[Records from a data source]
Segment Open

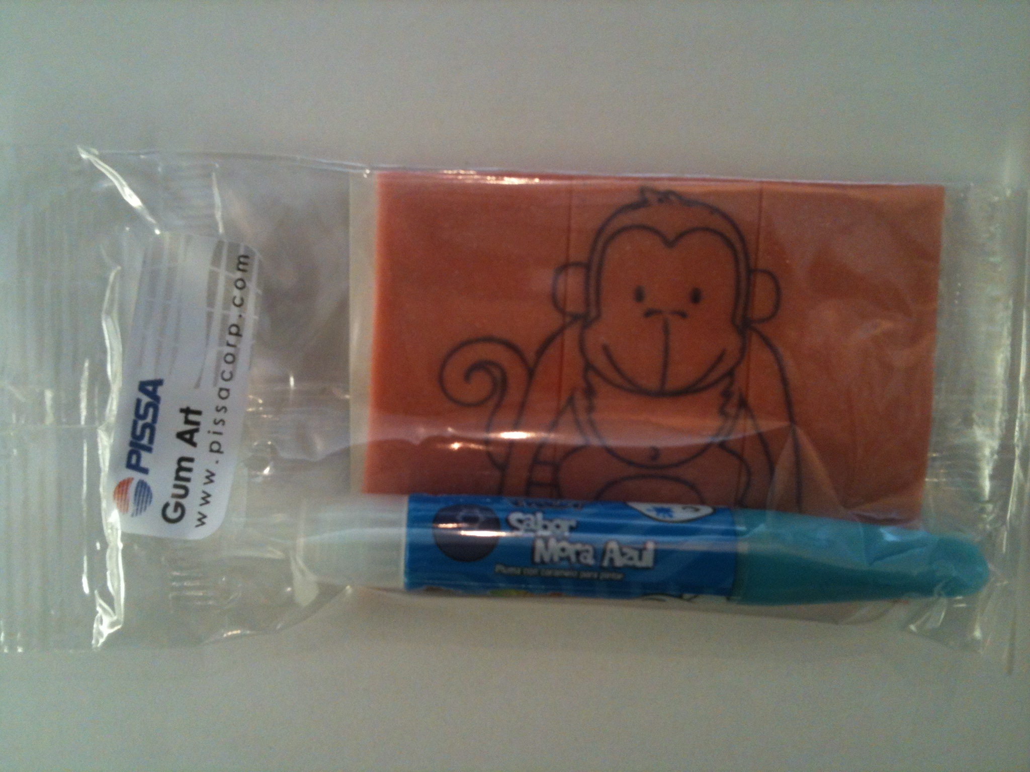 – GUM ART: It is not just a product, but a concept in itself. Mr Carlos Palomino (thanks for your time!) explained the concept “Fun to play, easy to share”. So it this case we have a sheet of gum (16 gram!) with a design painted on it. This design can be adapted to licenses. Then we have a pencil filled with syrup, in such a way that the child can “paint” the gum layer with the syrup of the pen. Then can be eaten or shared with other friends. The perception resembles the feeling of a syrup filled bubble gum (because we have a liquid and a gum as well) but with the characteristic that it can be repeated several times with the same item.
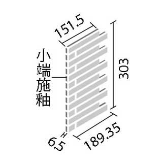 ●25×151角片面小端施釉(短辺)ネット張りは、入隅部分に同一厚さの粒をそろえることで、入隅の凹凸を軽減する役物ですが、意匠がついているため完全にフラットになるわけではありません。
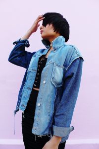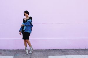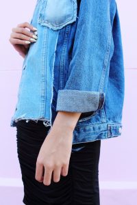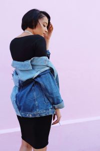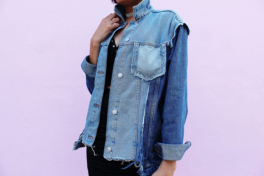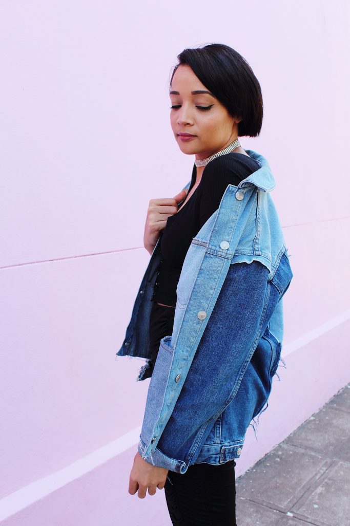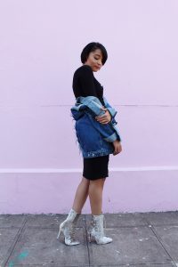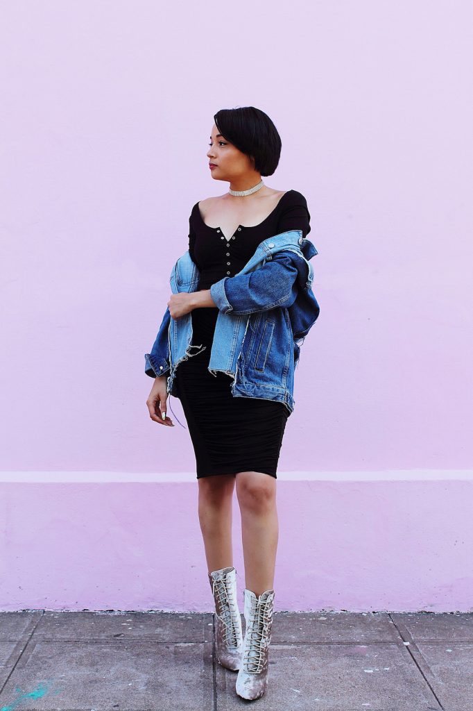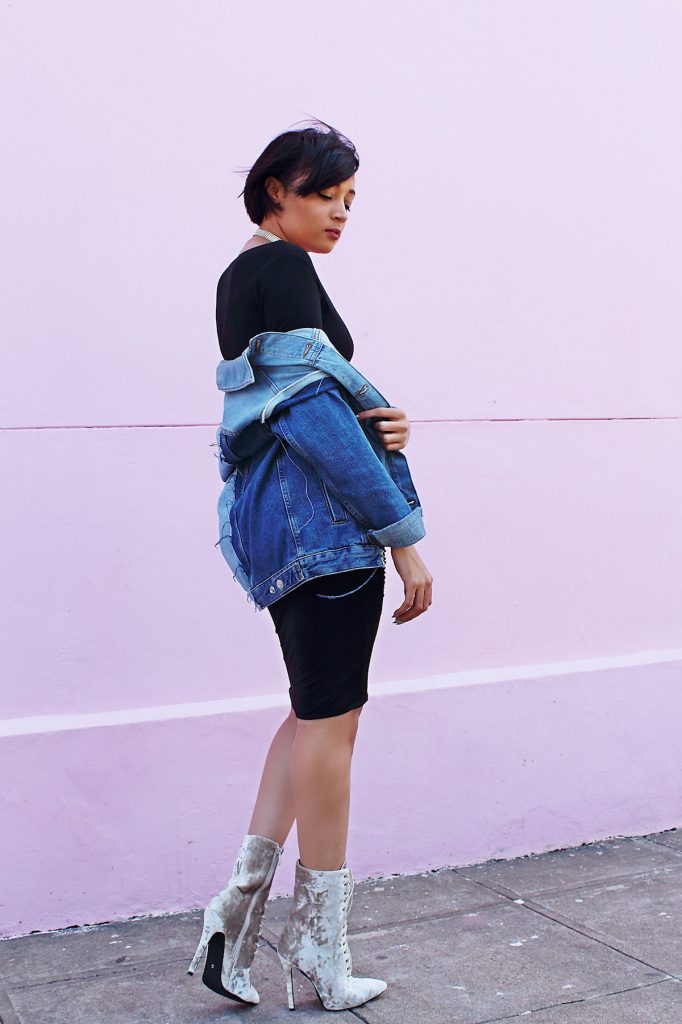 An elegant grunge girl! Love this oversized denim jacket worn atop black dress. The booties are simply WOW!
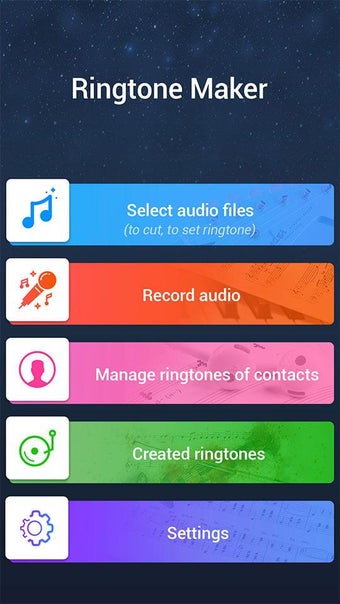 Ringtone maker - wycinarka mp3 to darmowy program dla Androida, który należy do kategorii Muzyka-radio i został opracowany przez dyktafon. Ten program jest dostępny w języku niemieckim, koreańskim, francuskim, włoskim, rosyjskim, portugalskim, japońskim, hiszpańskim, hindi, chińskim, szwedzkim, fińskim, tureckim, arabskim, chińskim, czeskim, duńskim, norweskim, polskim, portugalskim i angielskim.
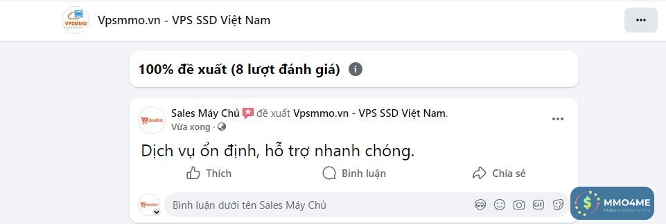 Bước 2: Đánh giá chia sẻ cảm nhận về dịch vụ VPS tại VPSMMO.VN chân thật nhất
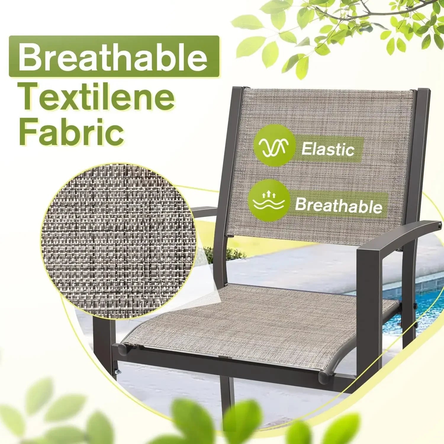 - Powder-Coated Steel: This outdoor dining set are made of high-strength steel and double-layer construction to ensure stability and weighing capacity. The steel is wrapped by a special powder coating that features excellent weather and corrosion resistance. Premium materials ensure that this furniture set will last for a long time
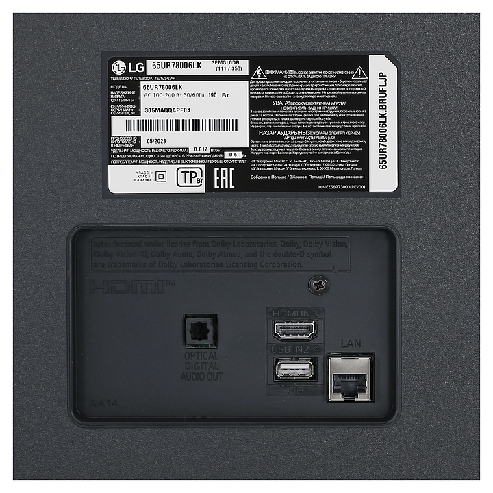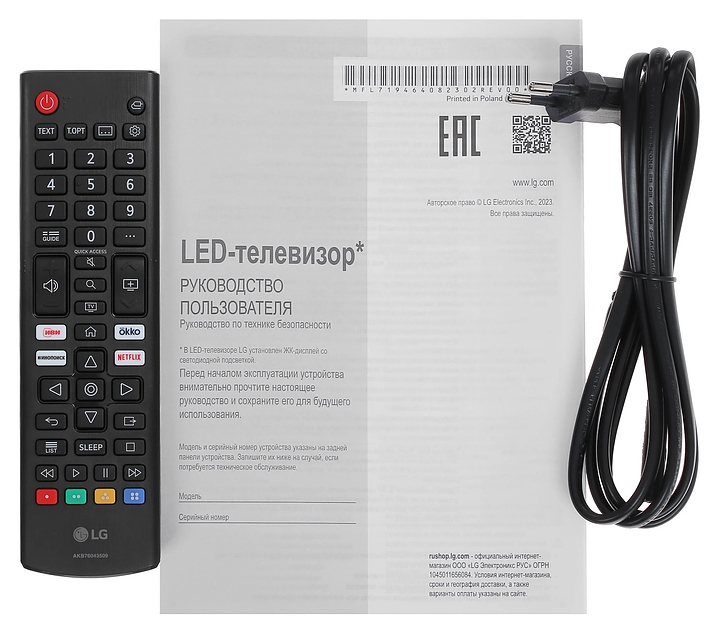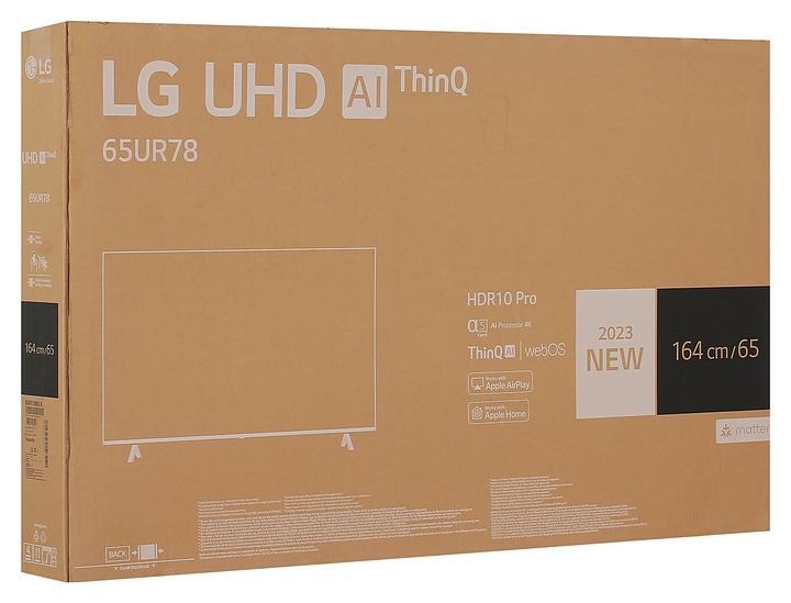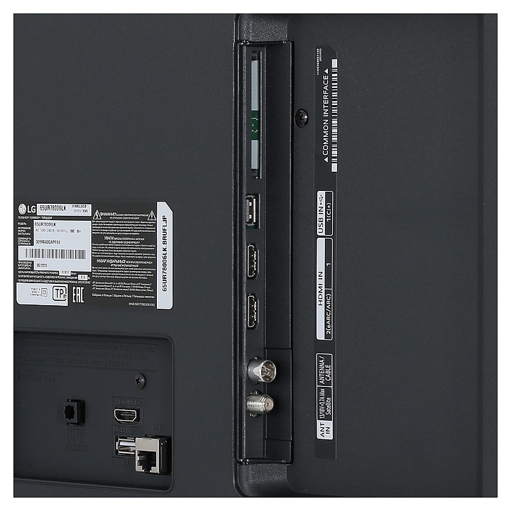 Телевизор LG 65UR78006LK.ARUB предназначен для приема и воспроизведения видео и аудио контента с различных ресурсов таких как телевещание, Интернет, дополнительное подключаемое оборудование и физические носители в домашних условиях, гостиницах, офисах, холлах и кабинетах различных учреждений. Прибор оснащен плоским монитором, акустической стереосистемой с 2 встроенными направленными вниз динамиками, встроенным блоком питания, кабелем питания с вилкой и основным выключателем, пульт – кнопочной клавиатурой. Кожух прибора выполнен из ударопрочного полимера с матовой поверхностью черного цвета, фронтальная рамка с поверхностью оттенка серый металлик, опоры с поверхностью черного цвета, корпус пульта – из черного пластика.
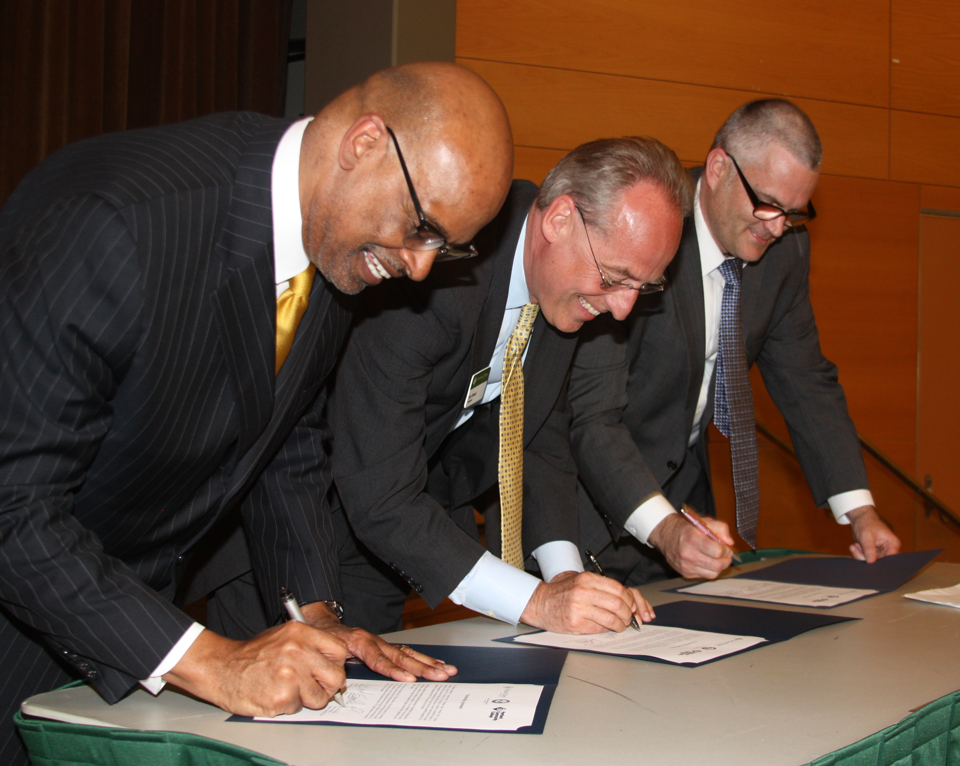 Portland Mayor Sam Adams (far right), President Pulliams and Portland State University President Wim Wiewel signed an agreement earlier this year establishing a partnership between PSU and Future Connect scholars, which will allow them to continue on to earn a bachelor’s degree at Portland State. This is one of many initiatives Pulliams is involved with to foster student success.
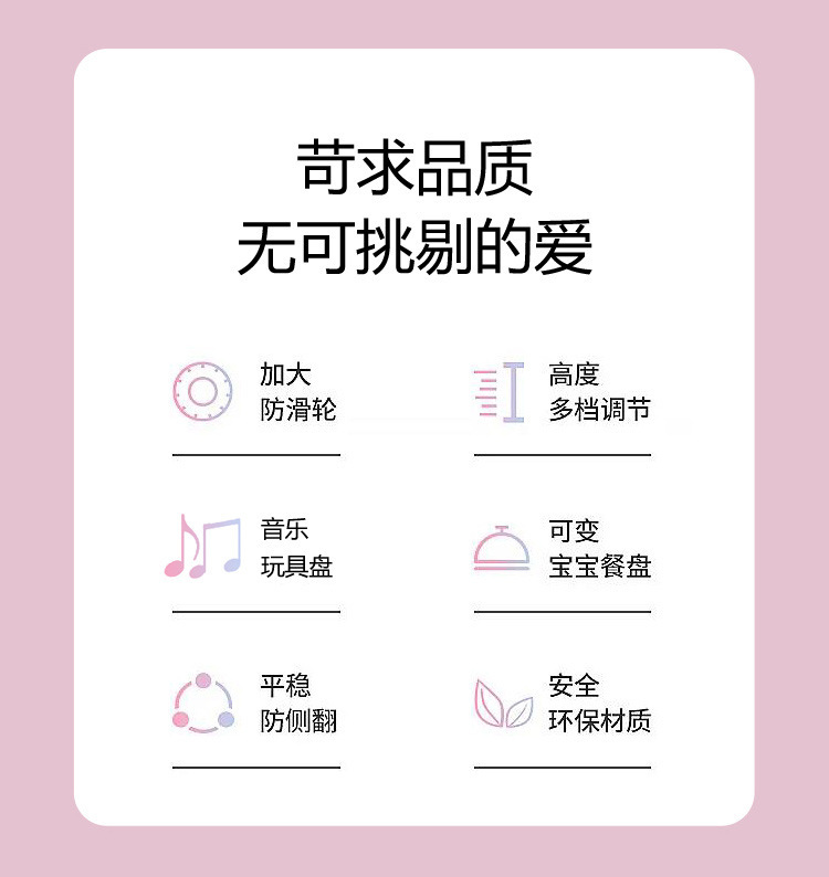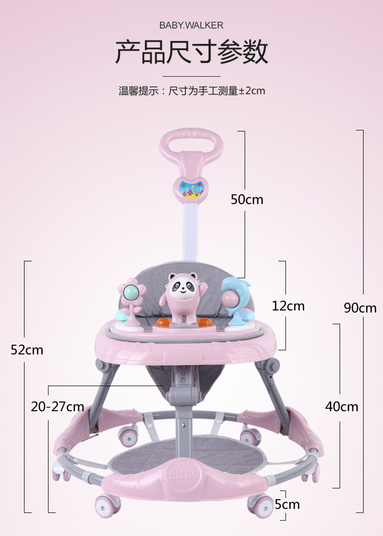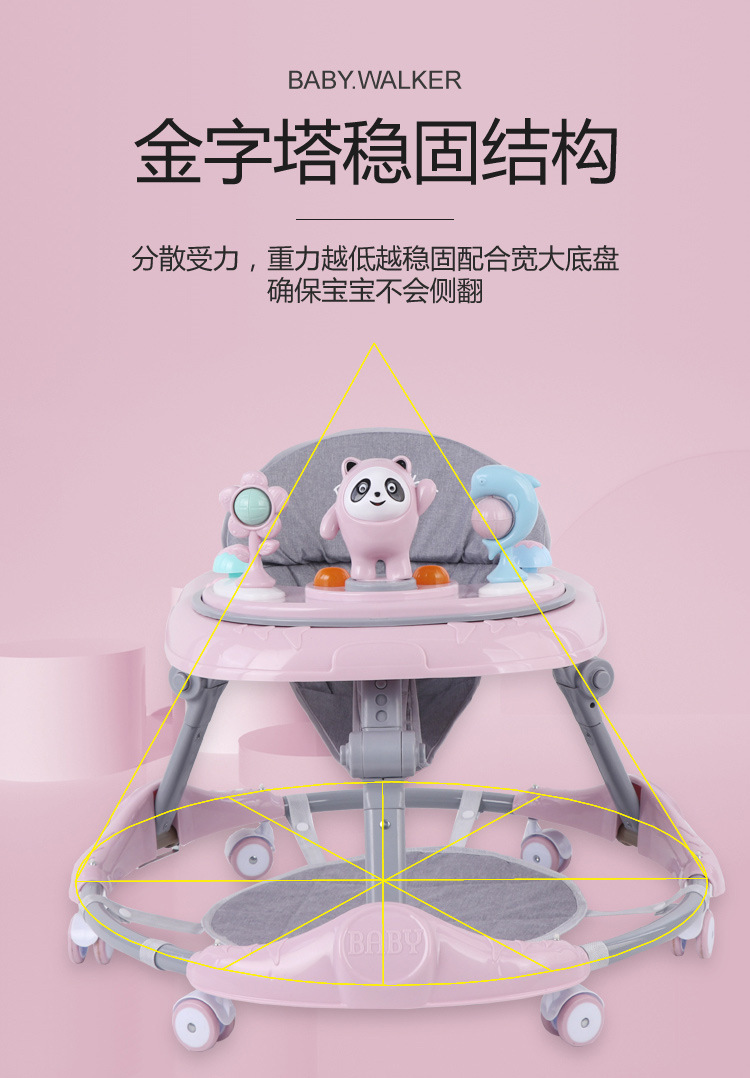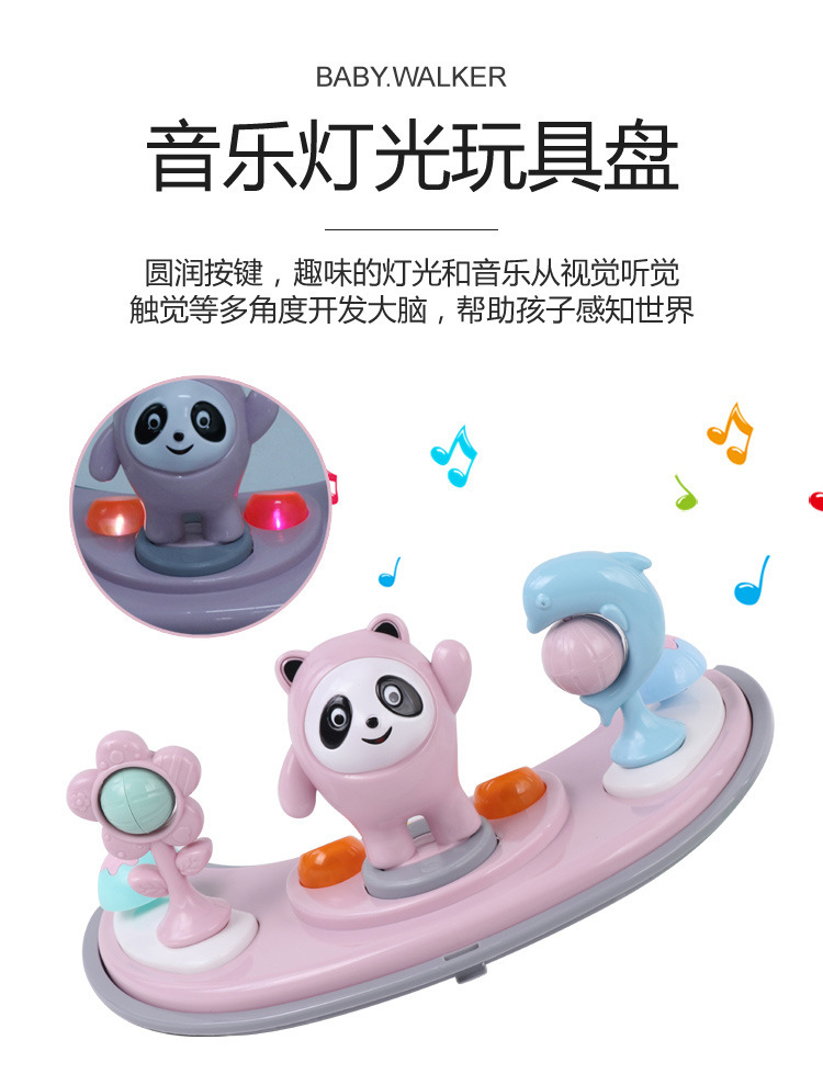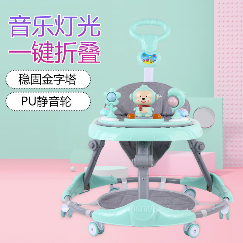 婴儿学步车6/7-18个月宝宝防侧翻带音乐带玩具水晶轮静音助步车

Segment Closed

◆ Work to complete
Return exactly, with no pictures, each line from the one that contains "Portland Mayor Sam" through the end of the entries above, both ends included.

◆ Reply
 Portland Mayor Sam Adams (far right), President Pulliams and Portland State University President Wim Wiewel signed an agreement earlier this year establishing a partnership between PSU and Future Connect scholars, which will allow them to continue on to earn a bachelor’s degree at Portland State. This is one of many initiatives Pulliams is involved with to foster student success.
 婴儿学步车6/7-18个月宝宝防侧翻带音乐带玩具水晶轮静音助步车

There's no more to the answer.